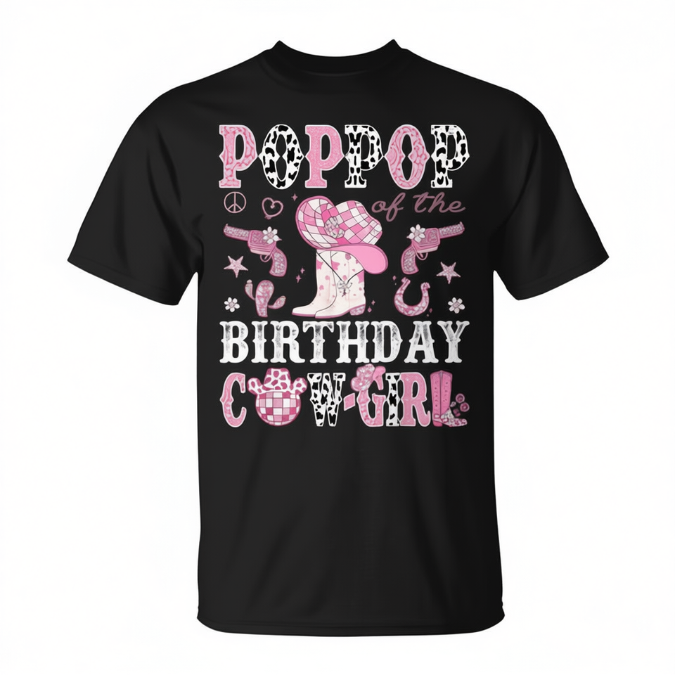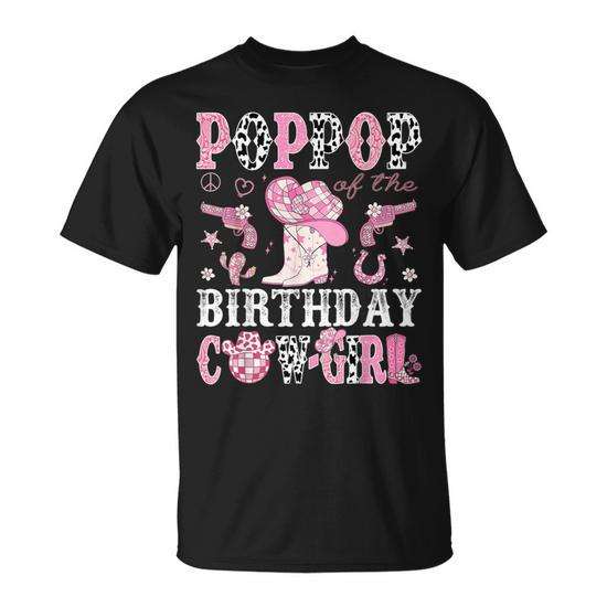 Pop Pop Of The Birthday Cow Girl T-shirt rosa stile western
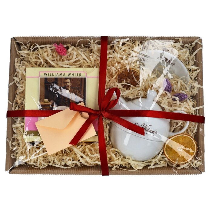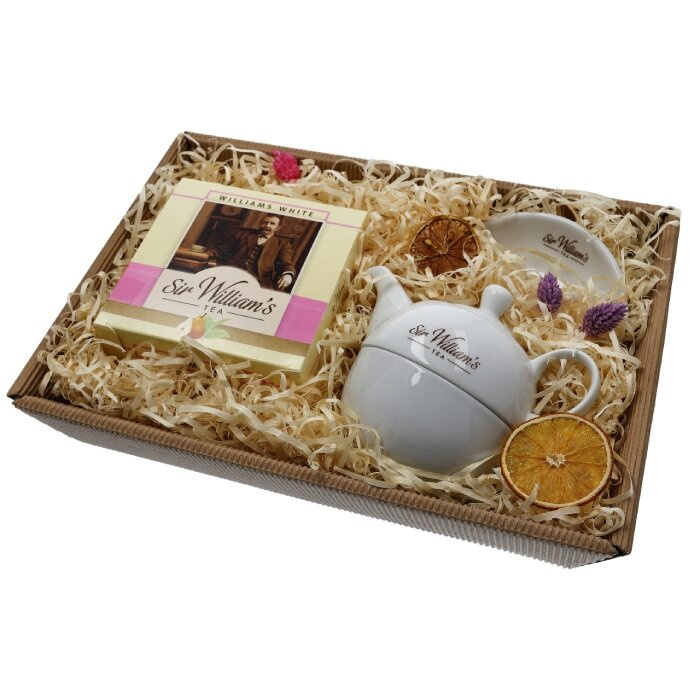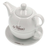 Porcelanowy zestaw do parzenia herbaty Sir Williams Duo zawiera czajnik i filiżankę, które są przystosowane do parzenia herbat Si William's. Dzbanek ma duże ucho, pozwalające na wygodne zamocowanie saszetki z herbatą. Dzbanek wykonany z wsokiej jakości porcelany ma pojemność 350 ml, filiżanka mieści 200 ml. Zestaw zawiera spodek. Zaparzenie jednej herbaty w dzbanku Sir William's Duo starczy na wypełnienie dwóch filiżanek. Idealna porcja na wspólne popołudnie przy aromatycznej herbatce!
-------
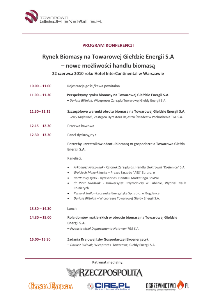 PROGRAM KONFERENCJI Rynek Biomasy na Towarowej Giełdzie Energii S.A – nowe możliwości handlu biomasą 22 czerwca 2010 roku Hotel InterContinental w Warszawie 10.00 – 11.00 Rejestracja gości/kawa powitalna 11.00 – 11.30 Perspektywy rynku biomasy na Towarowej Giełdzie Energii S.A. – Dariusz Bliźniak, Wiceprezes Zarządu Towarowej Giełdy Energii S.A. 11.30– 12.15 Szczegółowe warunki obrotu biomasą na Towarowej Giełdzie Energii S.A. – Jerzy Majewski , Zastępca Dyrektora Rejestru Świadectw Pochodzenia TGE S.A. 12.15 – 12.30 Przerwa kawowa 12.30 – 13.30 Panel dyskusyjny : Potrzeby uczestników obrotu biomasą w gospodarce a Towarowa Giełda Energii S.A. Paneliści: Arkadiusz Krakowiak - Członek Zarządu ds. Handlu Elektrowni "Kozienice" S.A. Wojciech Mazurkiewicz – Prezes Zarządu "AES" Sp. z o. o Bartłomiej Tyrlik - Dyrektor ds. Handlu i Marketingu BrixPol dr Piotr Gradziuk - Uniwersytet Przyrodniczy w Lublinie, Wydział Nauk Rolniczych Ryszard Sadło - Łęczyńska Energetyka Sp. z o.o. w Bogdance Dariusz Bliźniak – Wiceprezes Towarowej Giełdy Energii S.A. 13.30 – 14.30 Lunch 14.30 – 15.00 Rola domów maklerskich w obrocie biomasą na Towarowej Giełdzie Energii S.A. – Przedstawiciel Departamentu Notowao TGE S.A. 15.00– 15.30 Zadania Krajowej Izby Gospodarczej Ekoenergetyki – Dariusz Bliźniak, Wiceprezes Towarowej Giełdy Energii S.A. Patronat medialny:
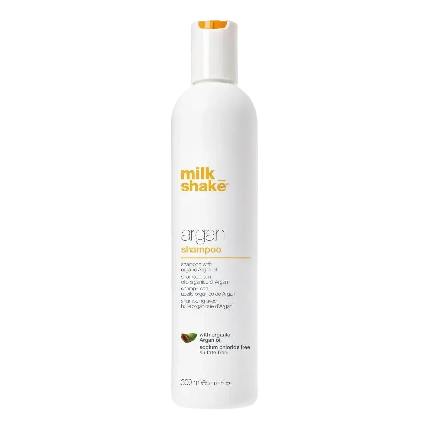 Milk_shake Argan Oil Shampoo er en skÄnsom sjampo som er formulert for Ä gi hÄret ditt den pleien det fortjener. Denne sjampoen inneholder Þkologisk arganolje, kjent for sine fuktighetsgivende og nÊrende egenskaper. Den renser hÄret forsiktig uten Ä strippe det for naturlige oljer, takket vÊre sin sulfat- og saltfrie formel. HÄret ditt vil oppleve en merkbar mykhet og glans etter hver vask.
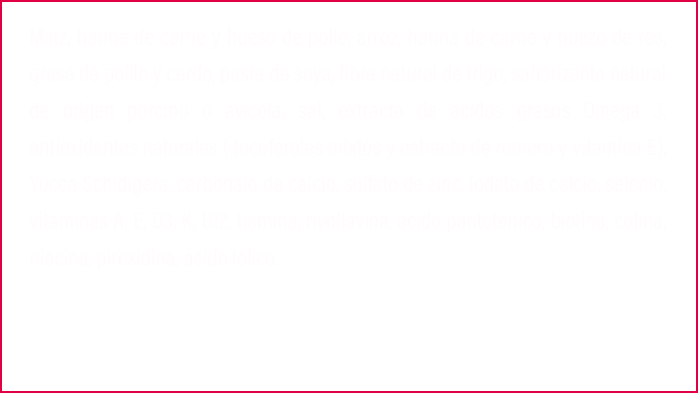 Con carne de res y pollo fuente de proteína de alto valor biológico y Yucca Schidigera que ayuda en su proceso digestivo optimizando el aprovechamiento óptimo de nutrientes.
-------
§ **Exercise objective**: Set down word for word the lines above from the one with "Pop Pop Of The" up to and including the one with "Porcelanowy zestaw do". Omit every picture.

§ **Exercise result**:
 Pop Pop Of The Birthday Cow Girl T-shirt rosa stile western
 Porcelanowy zestaw do parzenia herbaty Sir Williams Duo zawiera czajnik i filiżankę, które są przystosowane do parzenia herbat Si William's. Dzbanek ma duże ucho, pozwalające na wygodne zamocowanie saszetki z herbatą. Dzbanek wykonany z wsokiej jakości porcelany ma pojemność 350 ml, filiżanka mieści 200 ml. Zestaw zawiera spodek. Zaparzenie jednej herbaty w dzbanku Sir William's Duo starczy na wypełnienie dwóch filiżanek. Idealna porcja na wspólne popołudnie przy aromatycznej herbatce!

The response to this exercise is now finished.